> **INSTRUCTIONS TO FOLLOW**: Take the entries that follow and return only the lines from the one with "- أسعار الوجبة" through the final line, leaving every picture behind.

[Saved entries]

● ● ●

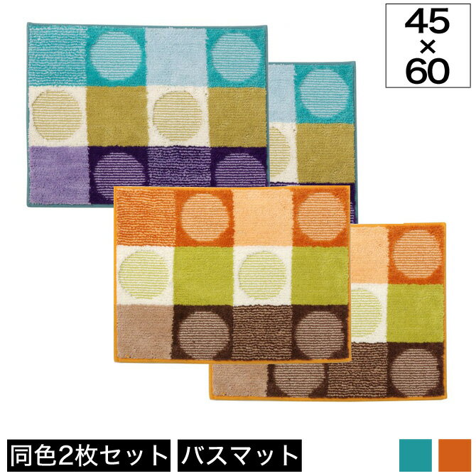 バスマット 洗える チェロ 約45×60cm 滑りにくい加工 2枚組 お風呂場 脱衣所 マット ラグ カーペット ウォッシャブル 速乾性 耐久性 シンプル コンパクト 2枚セット
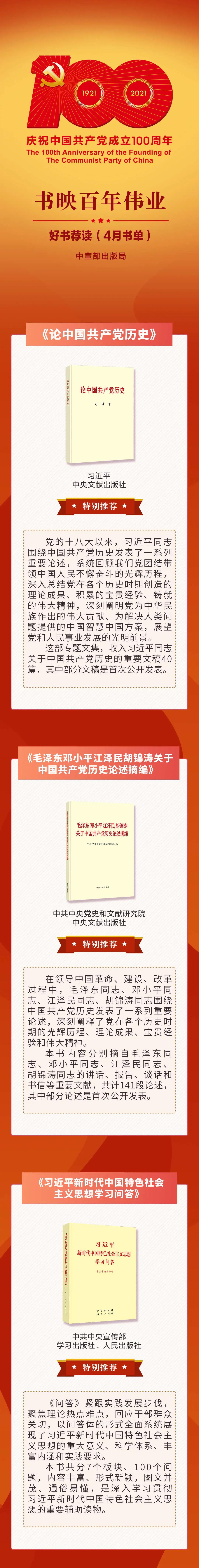 為(wèi)慶祝中國(guó)共産黨成立100周年(nián),中共中央宣傳部出版局聯合有關單位和部門(mén)開(kāi)展“書映百年(nián)偉業(yè)——慶祝中國(guó)共産黨成立100周年(nián)好書薦讀(dú)”活動,于2021年(nián)4月(yuè)—12月(yuè),每月(yuè)向全社會(huì)公布當月(yuè)推薦書單。4月(yuè)書單,一(yī)起來看(kàn)↓↓↓
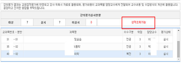 ※ 강의평가실시현황에서 ‘성적조회가능’을 반드시 확인
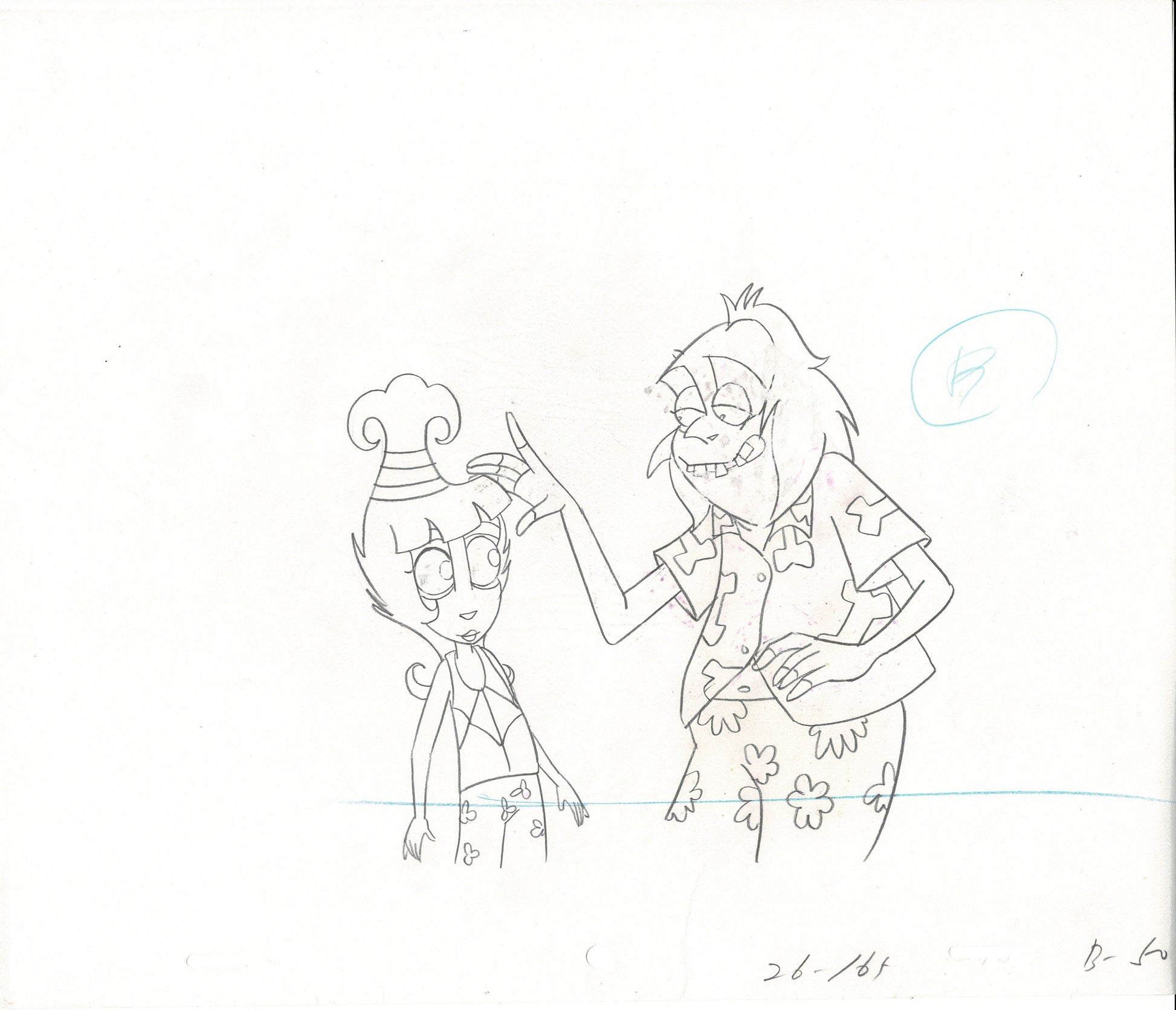 A very nice animation cel drawing of Beetlejuice and Lydia. Measures approx. 10.5" x 12.5"
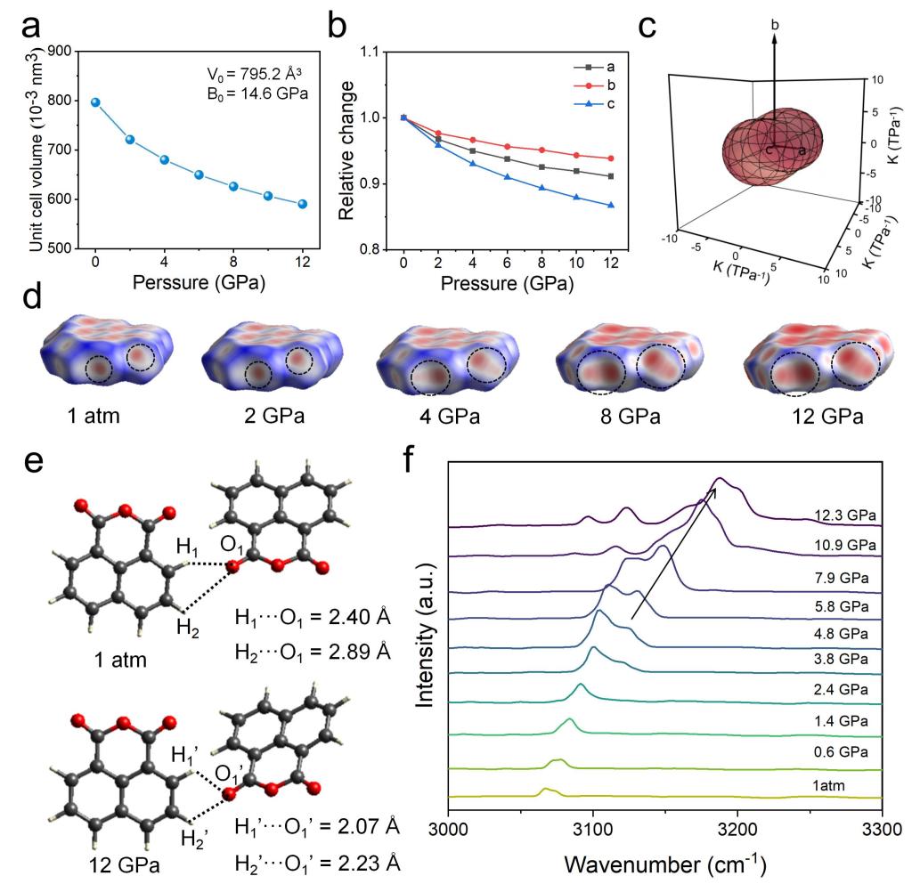 3. (a) 理论计算萘酐晶体晶胞体积在加压过程中的演变b萘酐晶体abc轴的相对压缩率c萘酐晶体abc方向的压缩性指标d不同压萘酐晶体分子的Hirshfeld表面e)在1 atm环境条件12 GPa萘酐晶体中氢键示意图f)不同压萘酐晶体30003300 cm-1红外吸收光谱。
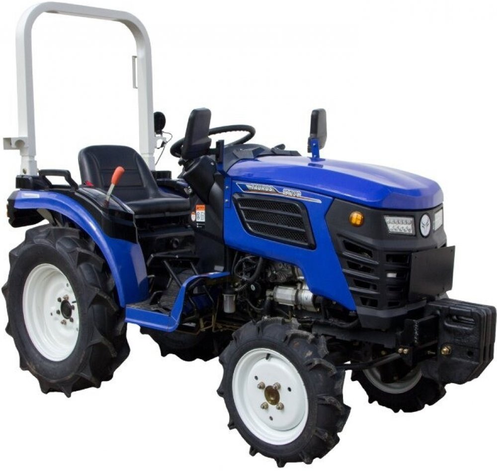 Plně vybavený malotraktor s náhonem na všechny čtyři kola, s uzávěrkou diferenciálu a ochranným rámem, a se zadní vývodovou hřídelí k připojení širokého příslušenství.
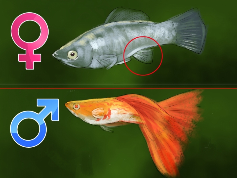 Самцы гуппи обычно меньше по размеру, имеют яркую окраску и длинные плавники, в то время как самки крупнее, более тусклые и имеют округлую форму живота. Также у самцов есть специальный плавник, называемый гоноподием, который используется для размножения.
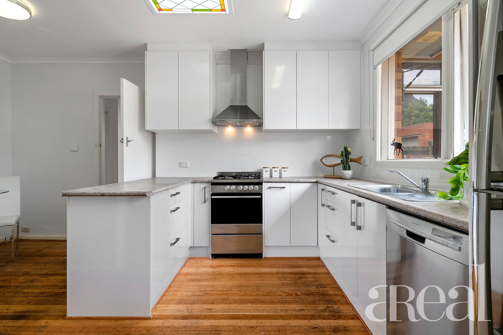 Daily life is sure to revolve around the light-filled lounge and dining room with a gas fire, elegant built-in cabinetry and double doors that open out to the covered front porch. Gleaming timber floors flow underfoot while the kitchen embraces the meals area and boasts gas cooking and plenty of storage.
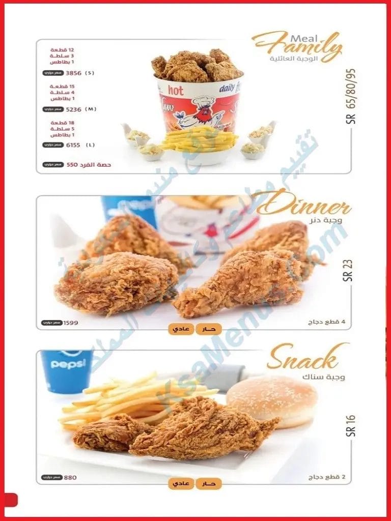 - أسعار الوجبة العائلية حجم كبير هي 96 ريال سعودي. ١٨ قطعة دجاج بالعظم مع ٥ سلطة كول سلو وبطاطس كبير.
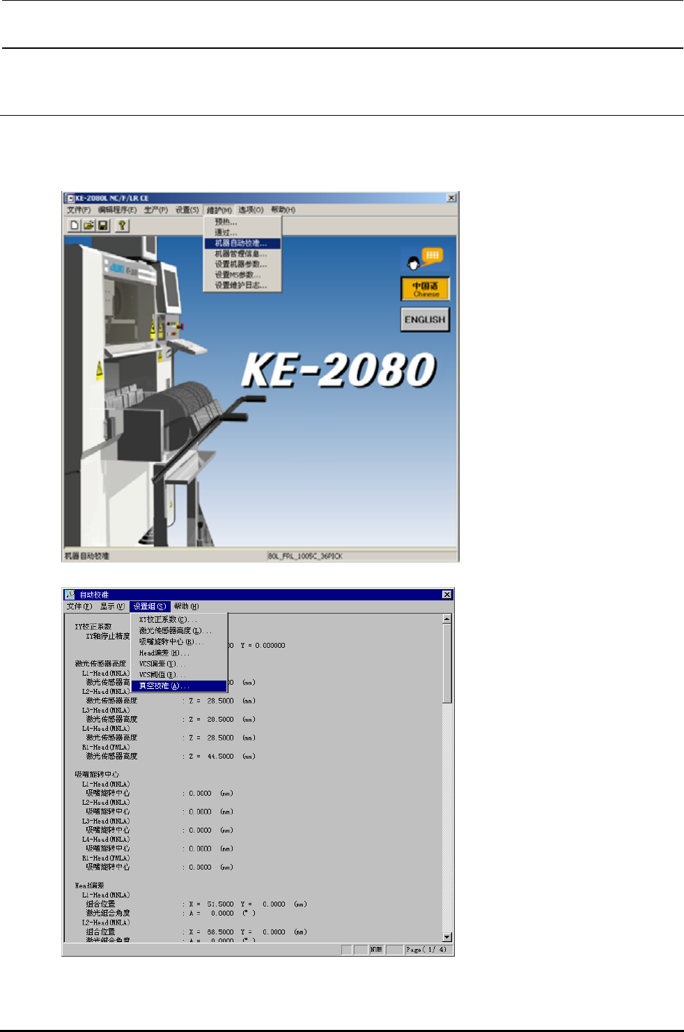请选择维修 → 自我校准、设定组 → 真空校准。

● ● ●

> **SOLUTION BELOW**:
 - أسعار الوجبة العائلية حجم كبير هي 96 ريال سعودي. ١٨ قطعة دجاج بالعظم مع ٥ سلطة كول سلو وبطاطس كبير.
请选择维修 → 自我校准、设定组 → 真空校准。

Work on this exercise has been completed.